Interestingly, it landed on the bung about five feet away. Thought my wife took it off for some reason.
 
I'll be that guy and recommend a temperature controlled ferment. But yeah, the rest should be safe. Might taste a touch like rocket fuel, but of your sanitation was good, should be fine.
 
duckmanco said:
I'll be that guy and recommend a temperature controlled ferment. But yeah, the rest should be safe. Might taste a touch like rocket fuel, but of your sanitation was good, should be fine.

Temperature control is the single thing that made the biggest difference in the quality of my beers, so I completely agree, but I understand most people don't have a spare fridge in their garage not being used for anything else.
 
I've had a lot of beers with perfect temps blow off.

Using an airlock early in a high gravity batch (actually ANY batch) is simply a bad idea.
 
Again there needs to be a sticky about a blow off tube for the first few days. All the beginner videos out there show just putting airlock in place. I now use a blow off first then add the airlock later.
 
Ditto on temperature control. Dosen't have to be a fridge. I have a tub that I fill half way with water, stick in the carboy or bucket, and have a aquarium temperature control set between 68F and 80F.

The original poster's beer is fine. CO2 that would still be blowing out of the dismantled airlock will stop any bugs from getting into it. Whoever said to attach a blow off tube is absolutely correct. The easiest way to do that with your set up is to stick the airlock back in and jam a piece of 1/2 inch ID (inside diameter) tube onto the middle post on the airlock (take the cover and piece that goes up and down when CO2 is venting off) off and that will give you access to the middle post. Also, there amy not be a need to run back up to your local home brew store to get the 1/2 inch ID tubeing. If you already have an siphon or autosiphon, that piece of hose is most likely 1/2 inch ID. If you don't, well then run up to the local home brew store or even home depot and get about three feet of the hose.
 
Again there needs to be a sticky about a blow off tube for the first few days. All the beginner videos out there show just putting airlock in place. I now use a blow off first then add the airlock later.

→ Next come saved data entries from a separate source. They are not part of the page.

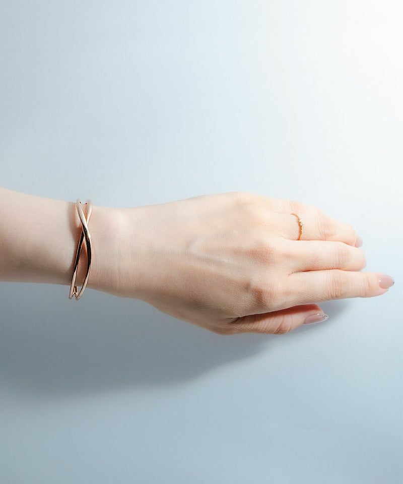 流れるような曲線を描く「CROSS BANGLE(クロスバングル)」。女性が持つしなやかな美しさ、変化する気持ちのうつろいやあいまいさを、流れるような曲線とみずみずしいテクスチャで表現している。もちろん、このままアクセサリーバングルとしても着用可能ではあるが、このアイテムにはもうひとつの着用方法が。別売のウォッチケース時計本体と組み合わせることで、バングルタイプのウォッチベルトとしても使用することが出来る。バングルの両先端がフックのように湾曲しており、時計本体のベルトを引き通すためのラグに引っ掛けると、今まで見たことの無いような洗練されたデザインのバングルウォッチが完成する。バングルの両サイド部分を押し込むだけでフックが緩み、簡単に着脱をすることも可能。耐久性や強度、磨き上げた時の輝きにも拘り、素材はシルバー925を採用した。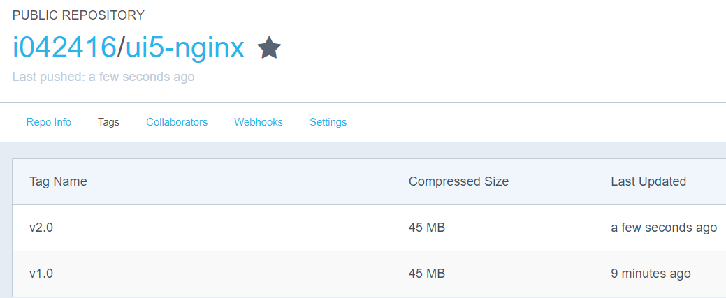 由于上一篇文章我上传到Docker Hub上的镜像的标签为默认的latest,所以我需要在Docker Hub上分别制造两个标签为v1.0和v2.0的镜像。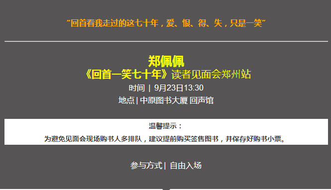 本次活動(dòng)我們選5位幸運(yùn)網(wǎng)友,將會(huì)有機(jī)會(huì)獲得前排位置,與鄭佩佩近距離接觸,并贈(zèng)送中原圖書大廈提供的小禮物。大家可以通過以下方式進(jìn)行報(bào)名。
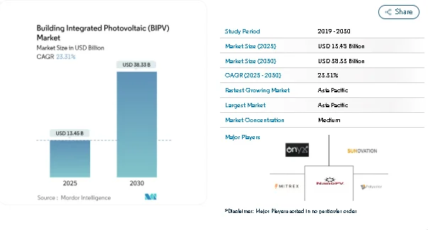 BIPV systems are designed to integrate seamlessly into building structures such as roofs, façades, and windows, generating electricity while serving as functional building components. The global Building Integrated Photovoltaics (BIPV) market is experiencing notable growth, with its size estimated at USD 13.45 billion in 2025 and projected to reach USD 38.33 billion by 2030, reflecting a CAGR of 23.31%. The rising adoption of BIPV solutions is supported by urban expansion, increasing residential construction, and government policies promoting renewable energy and energy-efficient buildings.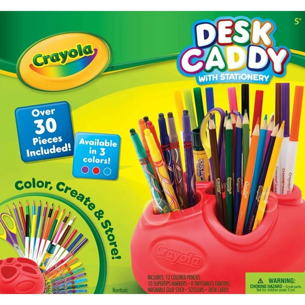 Kids can organise and store crayons, markers, pencils and more with their own colored Crayola Caddy. Help your child to learn to organise supplies the fun way! Includes: 10 SuperTips Washable Markers, 12 Colored Pencils, 8 Twistables Crayons, Washable Glue Stick, Scissors, and Caddy. Caddy available in purple, red or blue.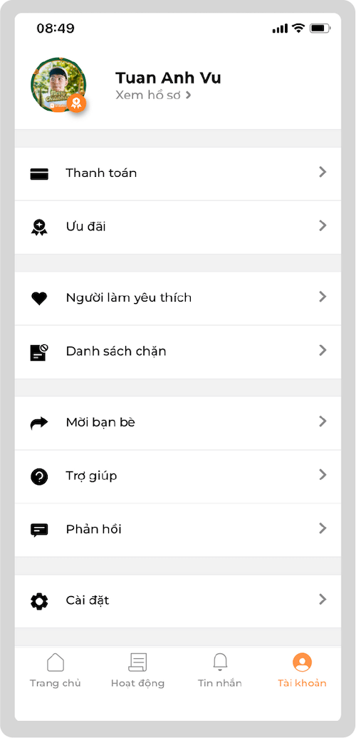 Mở ứng dụng bTaskee, sau đó chọn Ưu đãi (bRewards) trong danh sách của mục Tài khoản.

Best advice ever. I don't even use airlocks for primary. Just one of those orange or brown carboy caps with a piece of hose running into an empty two liter pop bottle.
 
I have never bothered w/ blow off tubes...but I ferment in an 8 gal bucket so it won't be an issue.
 
I ferment in 7 gallons buckets for 5 gallon batches and only had one batch over flow through the air lock. Still use air locks. It looks like the op was using a 5 gallon bucket that is the only time I would use one.
 
I've only had two blowouts. The first was a high gravity IIPA that I pitched on top of a full yeast cake and the second was a batch of apfelwein that had an especially vigorous ferment. I use a blowoff for any high grav beers now, but anything 1.050 or less I don't bother.